Defurnishing with X-Ray Vision: Joint Removal of Furniture from Panoramas and Mesh

This academic paper presents a comprehensive pipeline for defurnishing indoor spaces, focusing on both panoramic images and their corresponding 3D mesh representations. The primary objective is to effectively remove furniture and clutter, enabling applications such as virtual staging and digital twin creation. The methodology leverages geometric priors through a Simplified Defurnished Mesh (SDM), combined with ControlNet-based inpainting, to deliver higher-quality results compared to existing techniques in object removal from 3D scenes.

The authors introduce their method with an SDM serving as a virtual "X-ray" that reveals the scene's underlying structure. This approach stands in contrast to other methods based on neural radiance fields or RGB-D inpainting, which typically encounter challenges like blurring or hallucinations when dealing with heavily cluttered scenes. The SDM process involves segmenting and removing furniture from the mesh representation, extending planes, and filling holes to produce a simplified mesh. Canny edges extracted from depth and normal images guide the inpainting process, ensuring multi-view consistency.

Experimentally, the paper demonstrates its pipeline on datasets like Matterport3D and ScanNet, acknowledging the practical benefits of this approach over radiance field-based models. Such models, though inherently suited for creating 3D scene reconstructions, struggle with artifacts and inconsistent outputs when objects are removed. The proposed SDM method exhibits superior precision in geometric reconstruction, making it well-suited for scenarios demanding accurate output geometry.

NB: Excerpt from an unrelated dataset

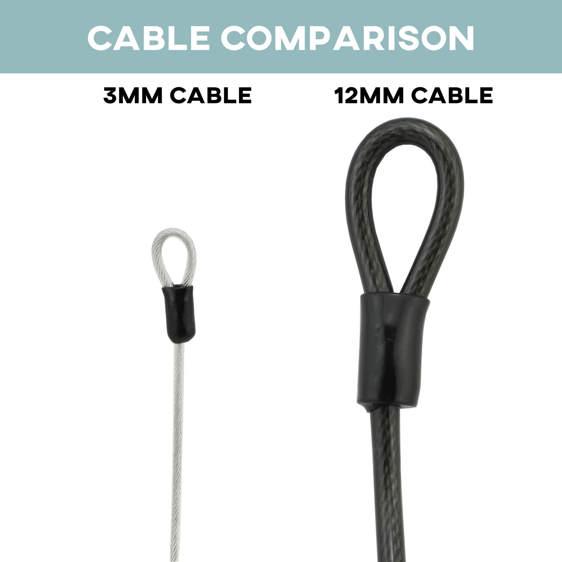 - Braided steel construction provides strength and flexibility. NOTE: This is cable has a 3mm diameter, it is not a heavy duty cable, this is a thin flexible cable

The research highlights several advantages:

  • Consistency and Artifact-Free Results: The use of SDM and ControlNet ensures robust furniture removal and hole-filling, particularly in cluttered environments.
  • Faster Processing Times: The pipeline offers expedited results compared to traditional 3D-based inpainting techniques.
  • Adaptability to Diverse Scenes: By grounding on geometric priors instead of semantic segmentation, diverse scene types are handled more adeptly.

While showcasing promising results, the paper acknowledges some limitations:

  • Hallucinations and Spurious Modifications: The paper discusses the inherent challenges faced by current SD models in mitigating object hallucinations.
  • Multi-View Consistency: Structures not visible due to occlusions can lead to inconsistencies across different views, although the geometric information provided helps mitigate this issue.

In conclusion, the authors make a compelling case for a novel method of defurnishing that relies on geometric priors rather than strictly image-based techniques. The implications of this work extend beyond traditional real estate applications, offering enhanced capabilities in rendering and facility management, thereby marking significant advancements in 3D scene understanding. Future research might explore improved strategies for image consistency across multiple views or harnessing attention mechanisms within existing deep learning architectures to further refine outputs in complex environments.